I don't think there are more possible path names then integers. As a construction to create a unique number from a pathname we can convert each letter to a (two-digit) number (so from 10-25,26=., then other special chars, and 27 being / --this is assuming there are less then 89 different characters, else, we can move to three digit encoding)
home/nlucaroni/documents/cv.pdf
1724221427232130121027242318271324122827123136251315
This forms a bijection (although, if you count only valid path names then the surjective property fails, but normally one doesn't care about that holding) --Come up with a path that isn't an integer.
This number obviously doesn't fit in a 64_bit unsigned int (max being 18446744073709551615), so it's not practical, but this isn't the point of my response.

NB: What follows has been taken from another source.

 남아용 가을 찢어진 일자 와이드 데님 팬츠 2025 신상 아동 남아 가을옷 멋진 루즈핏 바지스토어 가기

You can read here Best way to determine if two path reference to same file in C# how you can uniquely identify a path. You need three numbers (dwVolumeSerialNumber, nFileIndexHigh and nFileIndexLow), maybe you can combine those three numbers to a new number with three times more bits. See also here: What are your favorite extension methods for C#? (codeplex.com/extensionoverflow) .
To all the people saying "it's not possible because you have more possible paths than integers to store them in": no. The poster never specified an implementation language; some languages support arbitrary-length integers. Python, for example.

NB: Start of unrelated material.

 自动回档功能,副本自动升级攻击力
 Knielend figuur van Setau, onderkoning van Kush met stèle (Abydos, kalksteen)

Say we take the 32,000 character paths as the limit mentioned in one of the other comments. If we have 256 different characters to use with paths we get:
Python 2.5.1 (r251:54863, May 18 2007, 16:56:43)

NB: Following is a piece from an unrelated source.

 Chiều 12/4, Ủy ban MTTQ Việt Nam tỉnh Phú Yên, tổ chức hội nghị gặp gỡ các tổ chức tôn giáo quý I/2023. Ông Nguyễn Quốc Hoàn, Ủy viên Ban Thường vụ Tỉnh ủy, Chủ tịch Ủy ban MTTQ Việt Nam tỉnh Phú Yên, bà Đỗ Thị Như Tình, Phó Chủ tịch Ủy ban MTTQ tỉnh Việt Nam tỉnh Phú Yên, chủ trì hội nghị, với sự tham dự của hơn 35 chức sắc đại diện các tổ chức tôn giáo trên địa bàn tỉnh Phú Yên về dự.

[GCC 3.4.4 (cygming special, gdc 0.12, using dmd 0.125)] on cygwin
Type "help", "copyright", "credits" or "license" for more information.
>>> 32000L**256L
20815864389328798163850480654728171077230524494533409610638224700807216119346720596024478883464648369684843227908562015582767132496646929816279813211354641525848259018778440691546366699323167100945918841095379622423387354295096957733925002768876520583464697770622321657076833170056511209332449663781837603694136444406281042053396870977465916057756101739472373801429441421111406337458176000000000000000000000000000000000000000000000000000000000000000000000000000000000000000000000000000000000000000000000000000000000000000000000000000000000000000000000000000000000000000000000000000000000000000000000000000000000000000000000000000000000000000000000000000000000000000000000000000000000000000000000000000000000000000000000000000000000000000000000000000000000000000000000000000000000000000000000000000000000000000000000000000000000000000000000000000000000000000000000000000000000000000000000000000000000000000000000000000000000000000000000000000000000000000000000000000000000000000000000000000000000000000000000000000000000000000000000000000000000000000000000000000000000000000000000000000000000000000000000000000000000000000000000000000000000000000000000000L
>>>
Notice how Python represents that just fine? Yes, there's probably a better way to do it, but that doesn't mean it's impossible.
EDIT: rjack pointed out that it's actually 256^32000, not the other way around. Python still handles it just fine. The performance may leave something to be desired, but saying it's mathematically impossible is wrong.